Лали подняла на нее взгляд. На лице высокой блондинки застыло отсутствующее выражение, как будто она смотрела в неведомую даль сквозь темноту, простирающуюся за маленьким окном. Лали вспомнила свою первую встречу с этим странным, инопланетным созданием. Соня рассказывала ей истории, ужасные и веселые, о том, как была невестой по переписке и как однажды чуть не вышла замуж за богатого американца. Слушая ее, Лали почувствовала невероятную ревность — она и представить не могла, что можно вот так запросто отказаться от такого шанса.
— Ты приехала сюда за сестрой, да? — спросила Лали.
Соня не ответила.

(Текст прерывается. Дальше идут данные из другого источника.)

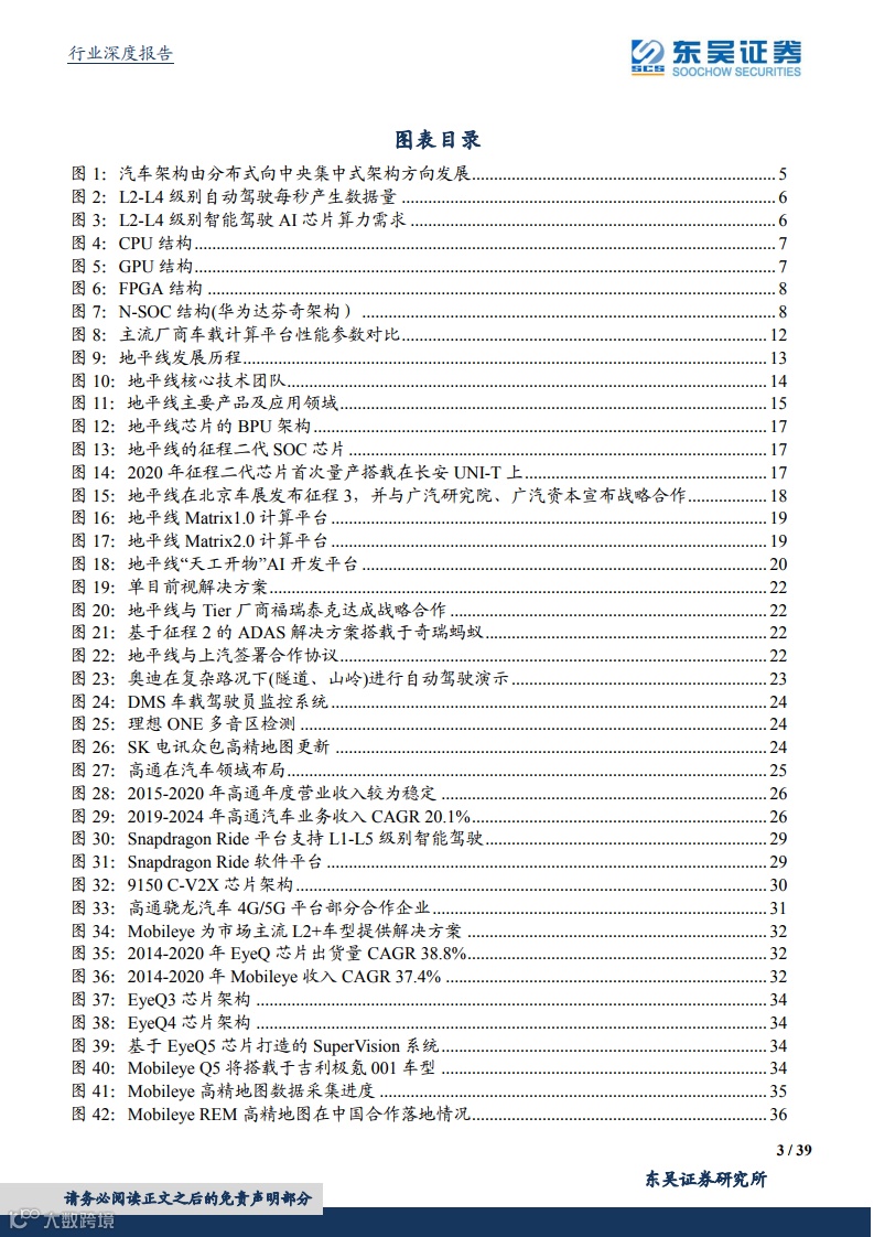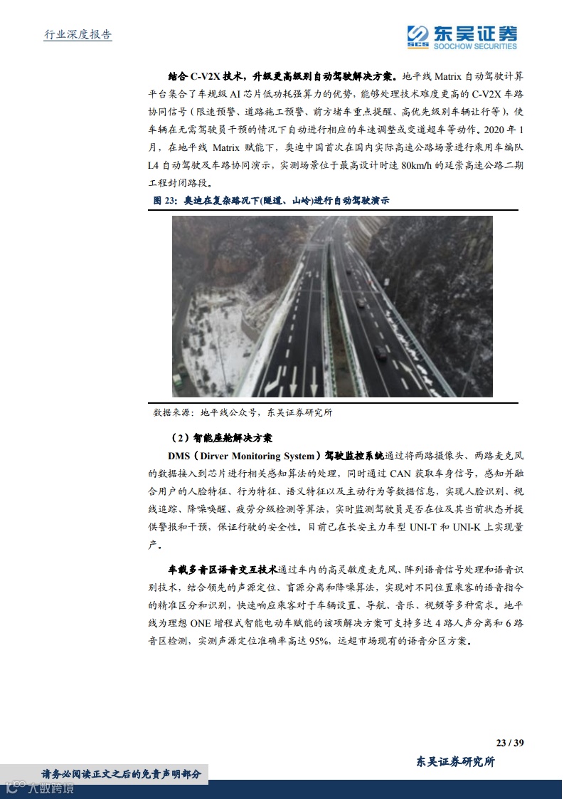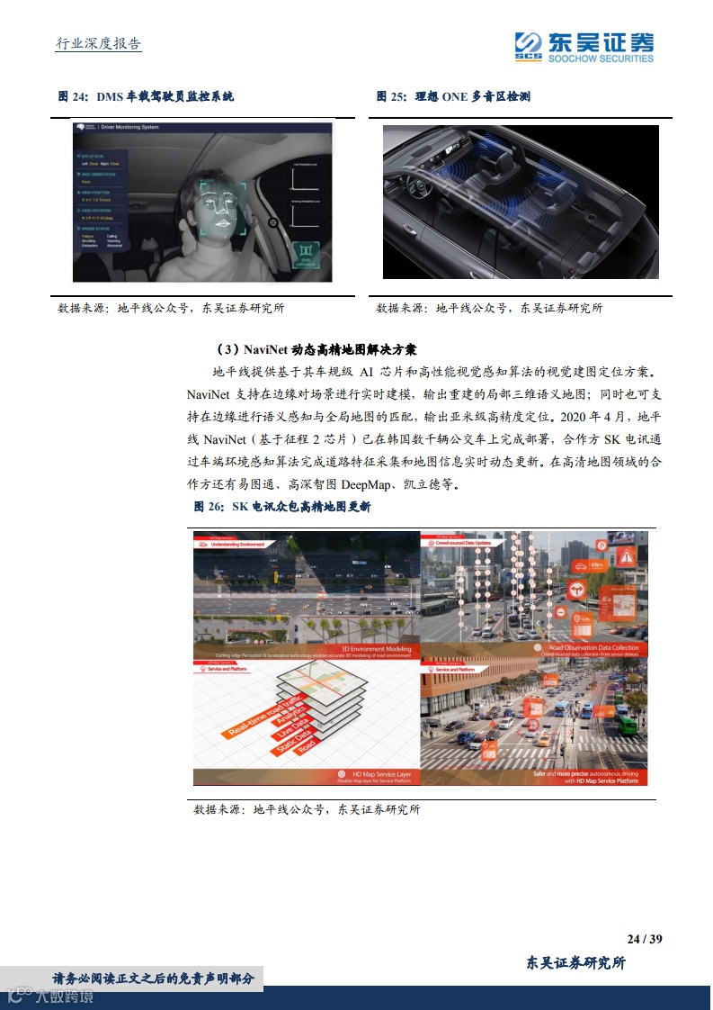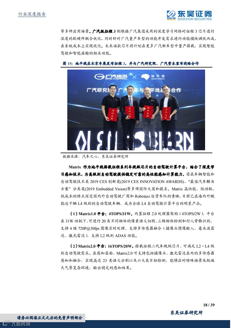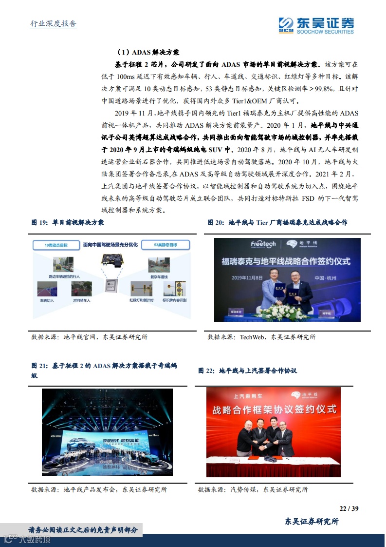 链和应用生态,背靠英特尔的Mobileye客户资源丰富且已量产验证,同属于第一阵列。高通从智能座舱域切向自动驾驶域,快速打通汽车智能化两大关键环节;华为AI芯片云边端领域全覆盖,技术实力雄厚,面向L2+及以上市场。华为和高通均在通信领域具备技术积累,结合智能驾驶布局有望迅速完善汽车智能化生态。地平线对标Mobileye,有望实现国产化替代。
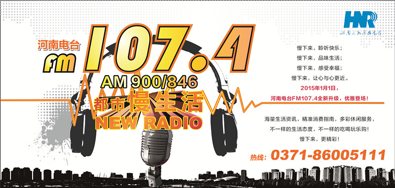 2015年1月1日,河南電臺FM107.4慢生活NewRadio全新升級,優(yōu)雅登場!海量生活資訊,精準消費指南,多彩休閑服務(wù),不一樣的生活態(tài)度,不一樣的吃喝玩樂購!慢下來,我的“心”常態(tài)!河南電臺1074慢生活NewRadio(FM107.4 AM900/846)。

Возможно, у нее было такое же право сочинять собственную историю и выдумывать свои причины. Ведь и сама она всякий раз, когда ее пронзали этими безобидными вопросами, пыталась прощупать подготовленную историю, вытащить на свет кусочек человеческой трагедии и изобретала ту Лали, в которой нуждались в тот или иной момент.
Дверь открылась. Лали увидела вспышку приглушенного белого света в темноте. Две женщины застыли на пороге, когда Дурга, а за ней и Лакшми вошли в комнату. Лали прислушивалась к шороху простыней, пока сестры укладывались спать. После долгого молчания Соня посмотрела на Лали и девочек и прошептала:
— Знаешь, будет очищение.
Лали уставилась в потолок, наблюдая, как вентилятор описывает свои бесконечные круги. Темнота вторгалась в маленькую комнату, и желтые уличные фонари отбрасывали длинные тени на стены. Она слышала прерывистые гудки проезжающих мимо грузовиков, доносившиеся из такого далекого мира, что Лали казалось, она его больше никогда не найдет.
— Нет, не будет, — твердо сказала она.